Last N.H. House panel weighs Paycheck Fairness Act

Penalties debated for employer violations
Shutterstock

Should a female employee be able to wait three years to file a discrimination complaint after discovering that she had received unequal pay for comparable work?

That was the main issue discussed during Tuesday’s hearing of the New Hampshire House Criminal Justice and Public Safety Committee on Senate Bill 207, the Paycheck Fairness Act.

It was the last committee hearing before the measure goes to the full House for a vote.

SB 207 doesn’t dramatically change state and federal law, but it does tweak it. It closes some loopholes and extends coverage of some federal laws – especially those having to do with protecting workers who disclose their pay to their peers – to smaller businesses.

The subject for the most recent committee hearing, however, was the consequence of disobeying the law. There wasn’t much dispute about the penalty: a maximum $2,500 fine and award of up to four years back pay to an aggrieved employee.

Republican lawmakers did echo criticism of the measure that was previously raised by the Business and Industry Association of New Hampshire, which raises questions about the time period allowed in bringing a suit. Current law allows a year to file a complaint.

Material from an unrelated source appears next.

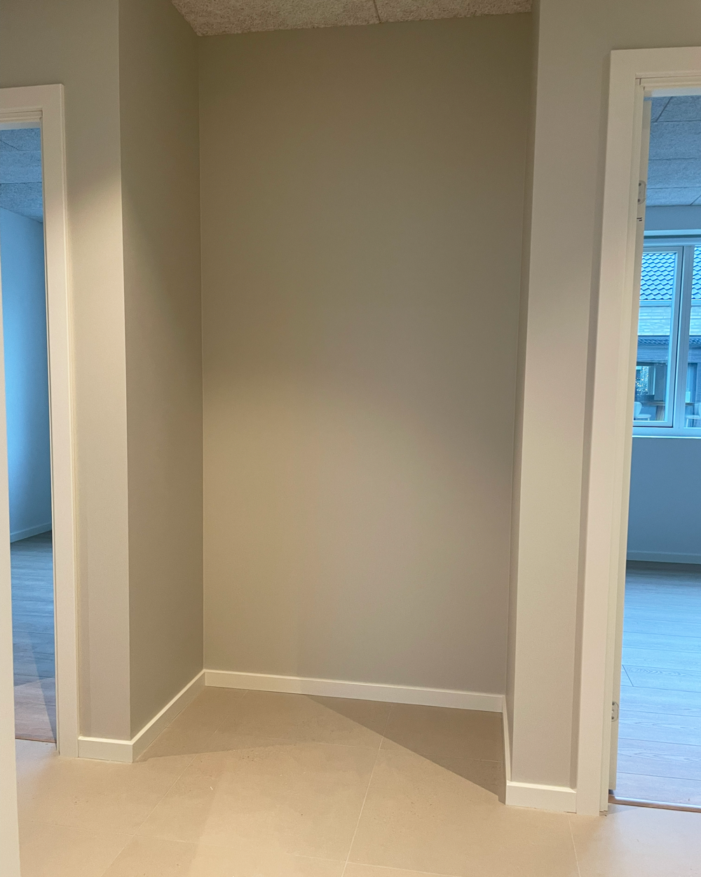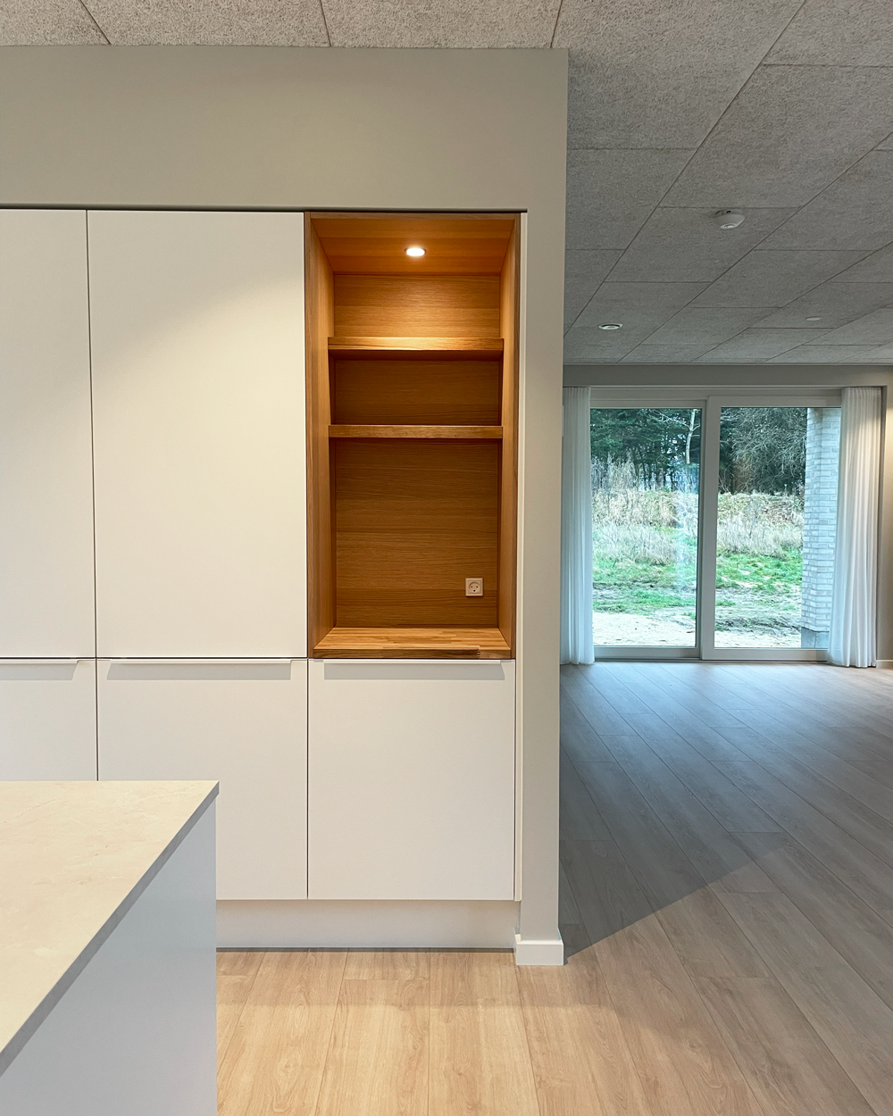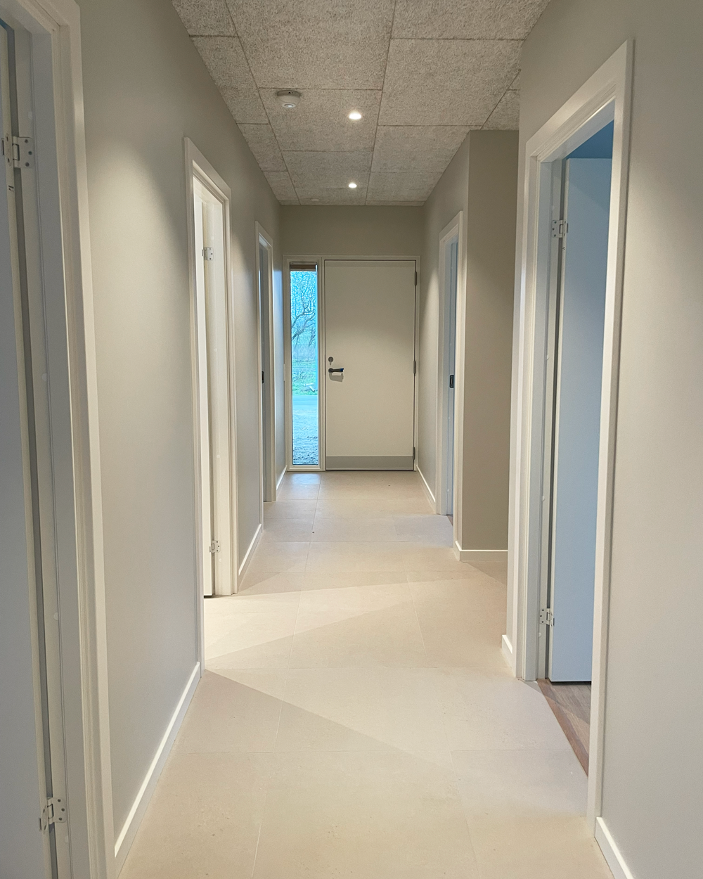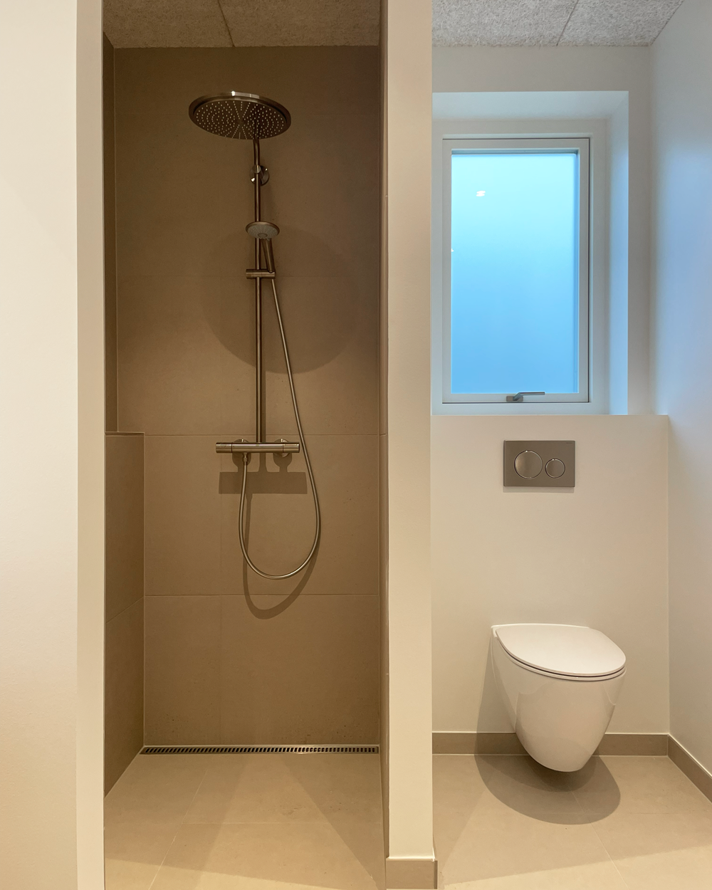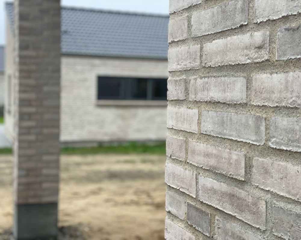 Vi har afleveret et 160 m² længehus til Laura og Andreas på Brendmosen i Funder. Huset er opført i den lysegrå mursten RT 473 Como, og den integrerede dobbelte carport fuldender facadens rolige udtryk. Inde i boligen går hvide elementer og varme egetræsoverflader igen på både badeværelser og i køkken-alrummet. Badeværelserne har flotte og særlige brusehylder, og køkken-alrummet rummer to indbyggede hvide skabsnicher samt et stort skjult viktualierum. Hjemmet afrundes med en gennemført gardinpakke med lette hvide gardiner inderst og tunge beige gardiner yderst. Køkkenet er udstyret med stålvask og Quooker.

“That concerns me,” said Rep. Shawn Jasper, R-Hudson. “An employer can use it as retaliation against an individual business. If you discover something, you shouldn’t be able to sit on it for three years.”

But such a provision was important to the bill’s sponsor, Sen. Sylvia Larsen, D-Concord. She offered the example of Lilly Ledbetter, the woman who didn’t discover she was the victim of gender-based pay discrimination for a decade. The U.S. Supreme Court threw her case out for lack of timeliness, prompting the federal pay equity act in her name in 2009.

Republicans, however, said that the suit-filing clock should start after the discovery of the discrimination.

Larsen replied that bringing a suit against an employer – particularly when still employed there – is “anxiety-provoking,” and that when workers do complain, they are often put off, promised that “we’ll make it up to you later,” she said, only to discover that the “promises won’t be kept.”

New Hampshire Department of Labor attorney Marty Jenkins said that three years is not an unusual time period. Those seeking back wages can also wait three years, though he admitted that in those cases, the clock didn’t start ticking until the last pay check.